Friday, March 19, 2010 A.D.

Today, March 19, 2010, is the Solemnity of Saint Joseph, husband of the Blessed Virgin Mary; it is also a Friday during the season of Lent. According to Canon Law 1251, the obligation to abstain from meat is lifted, therefore it is permissible to eat meat today or voluntarily observe Lenten abstinence on Fridays.

Have a blessed Feast of Saint Joseph!


Bart Stupak Challenged From The Left

Thursday, March 11, 2010 A.D.

The latest buzz in the political world is that a pro-choice Democratic woman (to the delight of EMILY’s List most certainly) will challenge pro-life Catholic Democrat Rep. Bart Stupak in the Democratic primary this August. This is most certainly not good news. Typically, a pro-life Democrat can oust a Republican in a general election with less trouble than their pro-choice counterparts. Pro-life Democrats, unfortunately, are particularly vulnerable in Democratic primaries and one can anticipate massive funding from Planned Parenthood, EMILY’s List, NARAL, the national Democratic party, and other “pro-choice” pseudofeminist liberals who will certainly blame Stupak for the fate of health care, even if it passes in a “watered down” fashion. Bart Stupak will obviously need pro-life support and it is unconscionable for the pro-life movement to not support his re-election bid for his continued principled stand against health care reform with abortion funding. If you can make a contribution to his campaign, I strongly recommend it.


The State of American Catholicism

Tuesday, March 9, 2010 A.D.

A traditional Anglican priest-theologian observing the internal life of the American Catholic Church from the outside commented that American Catholicism is becoming increasingly just another form of Protestant Christianity. This suggestion gave me pause and in fact, for quite some time, this observation has remained in the forefront of my thoughts.

The Anglican clergyman in question observed that the America, as far as he could ascertain, really had no cultural identity. What does it mean to be an American? What exactly are “American values?” There probably are as many answers to this question as there are American people. “We the people…” have never been monolithic in our way of life.

The American political experiment and social ethos is by and large a Protestant experiment. There was never a point where Protestant Christianity had to establish itself against innumerable generations of Catholic intellectual, spiritual, and moral heritage as was the case in Europe. This is a characteristic that is very unique to America, both for good and for ill.
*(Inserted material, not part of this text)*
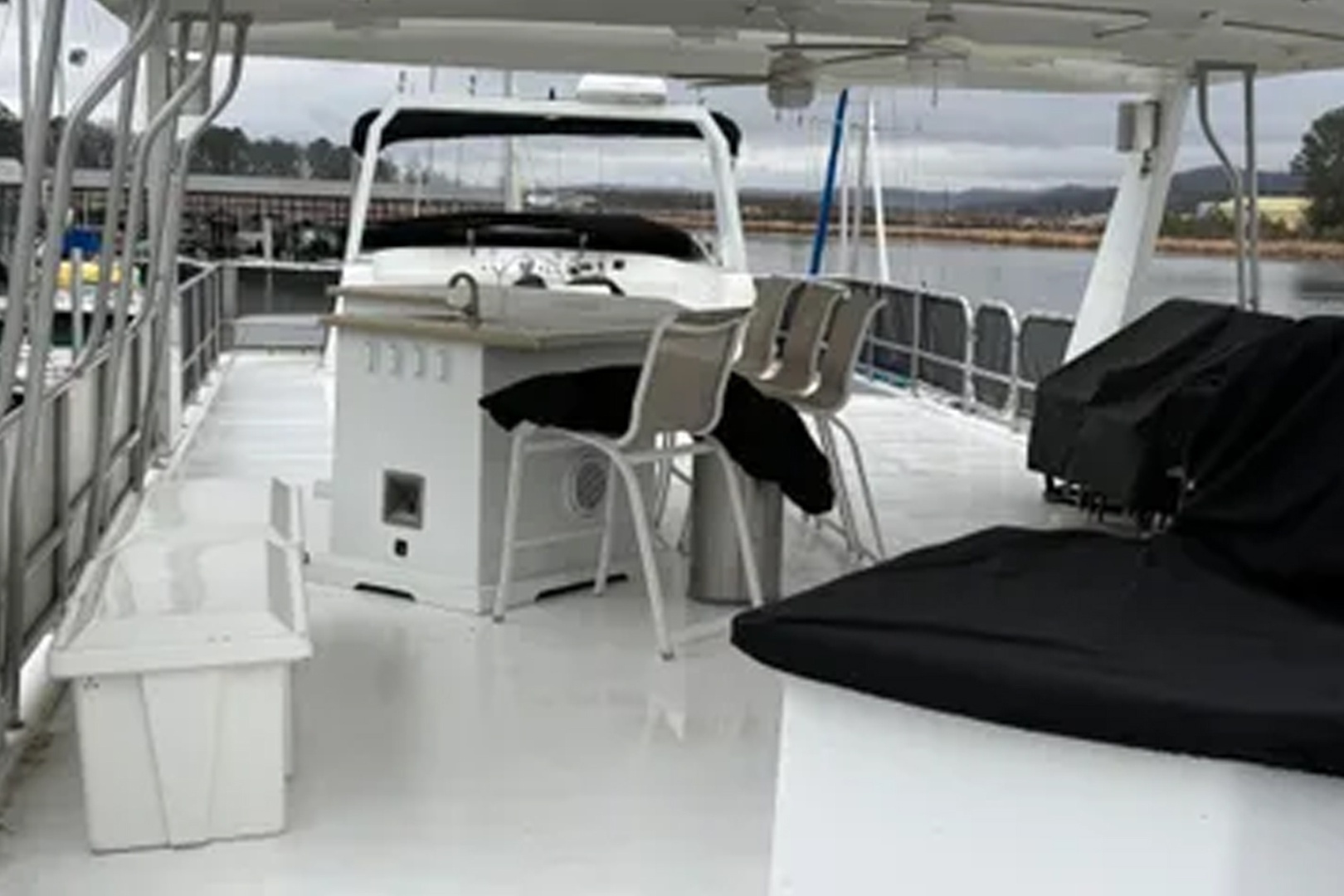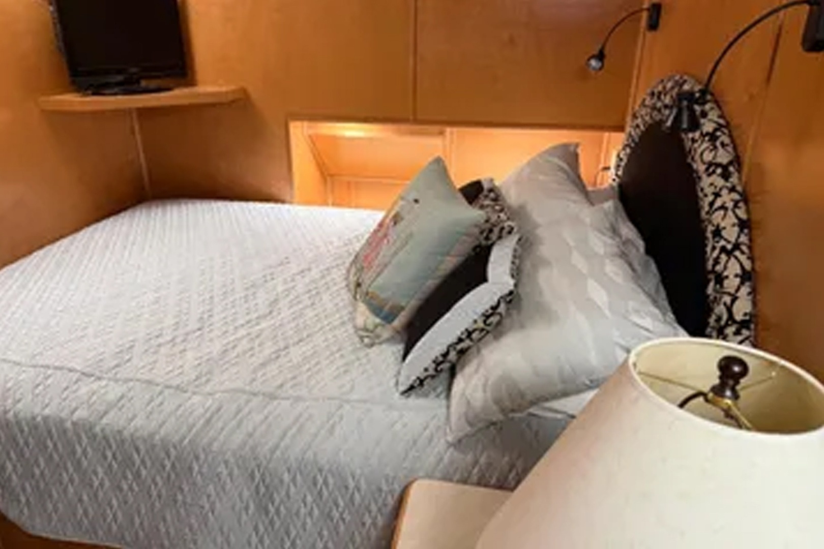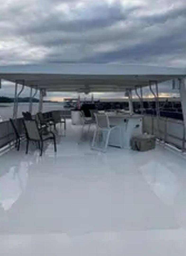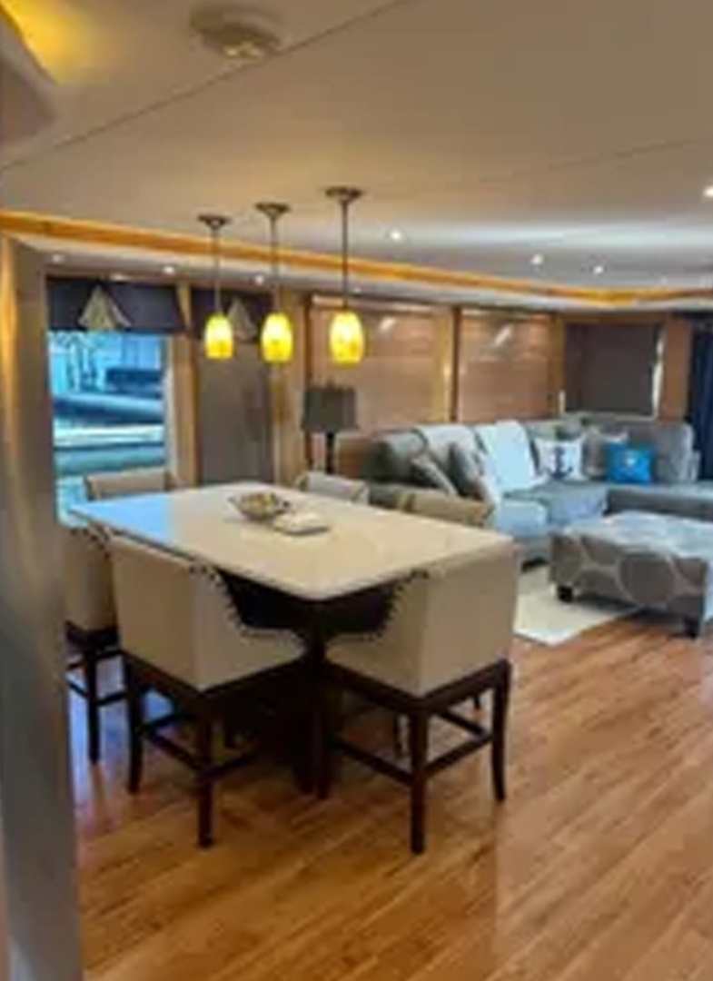 Updated and plenty of room for family and friends. Four staterooms and 2 full heads. Large galley/dining area with more than enough storage cabinets Under floor storage for bulk items and supplies Large salon area with L shape sofas and large screen for TV and family movie night. Large storage

Protestant Christians share with Roman Catholics a great deal, but certain Protestant tendencies, for the lack of a better term, such as an emphasis on freedom, individual conscience, self-determination (versus self-discovery), etc, which sets itself against, historically speaking, the authority of the Church with a sola scriptura mentality has imprinted a certain social individualist ethos on the American experiment. This, of course, inevitably affects Catholics living within the United States.